AVAILABLE DATA ->
'''
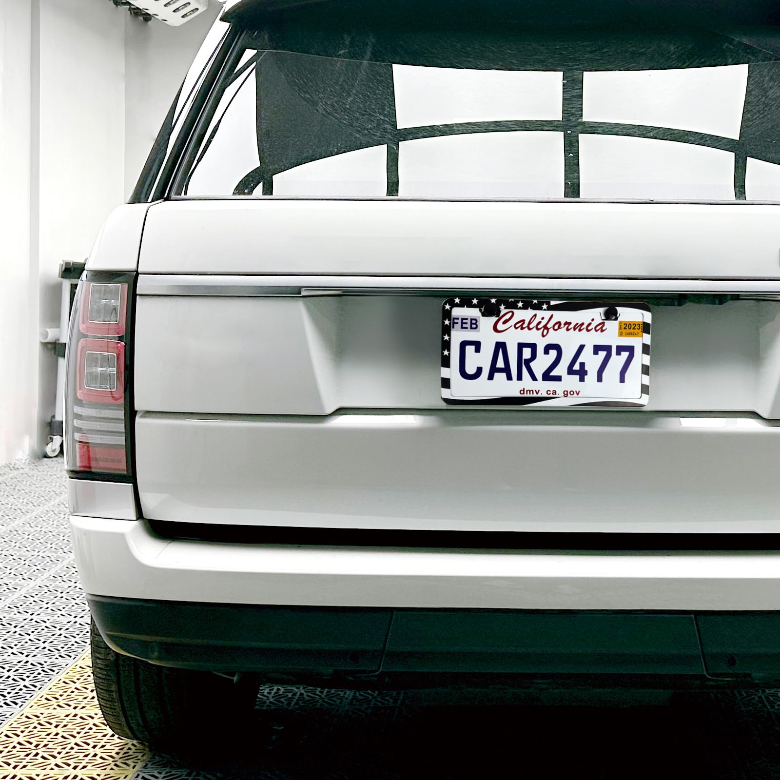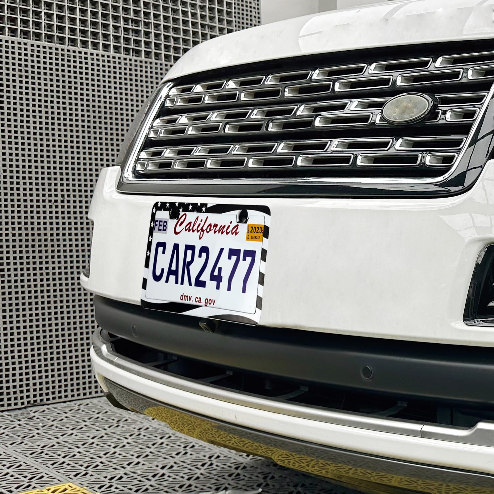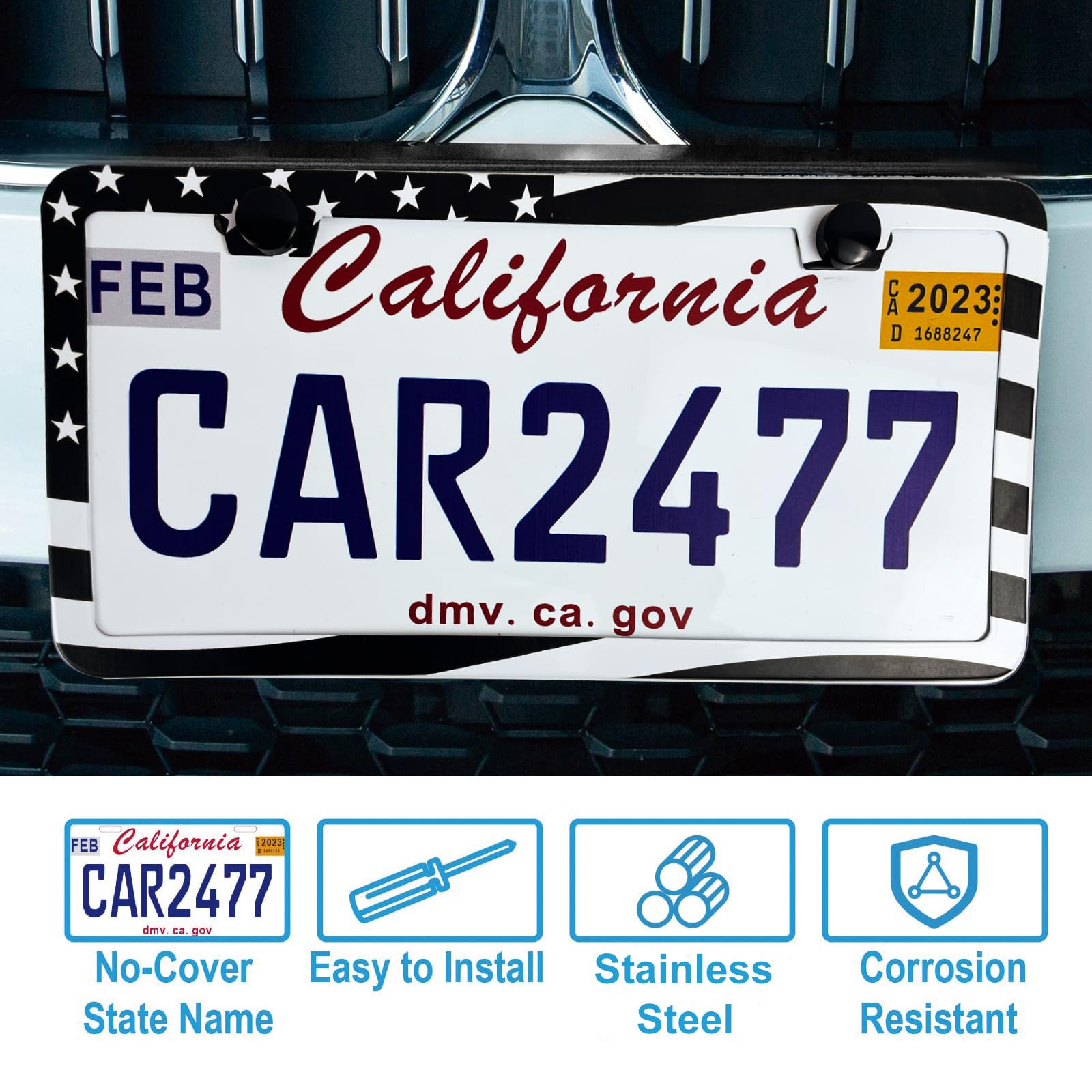 - No-Cover State Name: Upgraded 2-hole black American flag license plate frames size 12.25IN X 6.25IN fits all standard size U.S. license plates, can protects the front and rear plates of the car. The narrow border of the license plate frame does not block the status label or override the state name of your plate
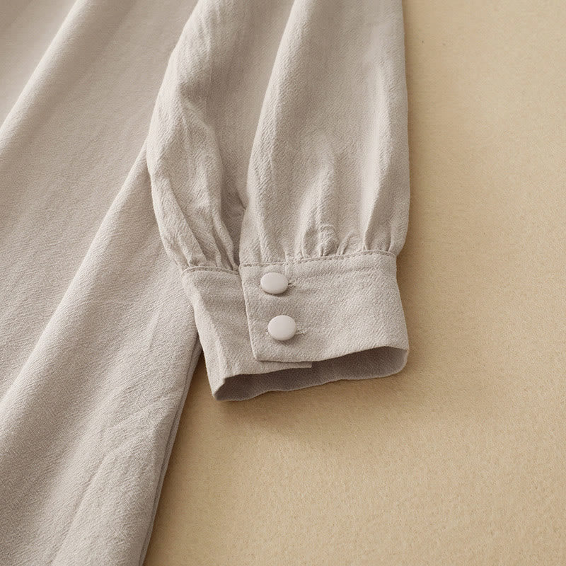 Buddha Stones Pure Color Stand Collar Double-breasted Buttons Design Cotton Long Sleeve Midi Dress
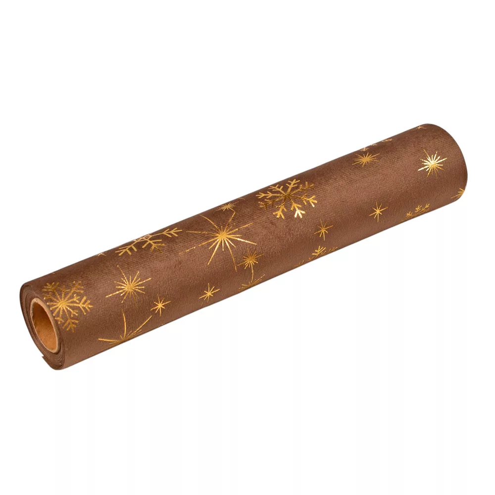 Material decorativ de Crăciun din catifea, alergător de masă, 28cm x 2.7m - Maro
'''
Could you write out the whole listing exactly, dropping the pictures?

EXERCISE RESULT ->
 - No-Cover State Name: Upgraded 2-hole black American flag license plate frames size 12.25IN X 6.25IN fits all standard size U.S. license plates, can protects the front and rear plates of the car. The narrow border of the license plate frame does not block the status label or override the state name of your plate
 Buddha Stones Pure Color Stand Collar Double-breasted Buttons Design Cotton Long Sleeve Midi Dress
 Material decorativ de Crăciun din catifea, alergător de masă, 28cm x 2.7m - Maro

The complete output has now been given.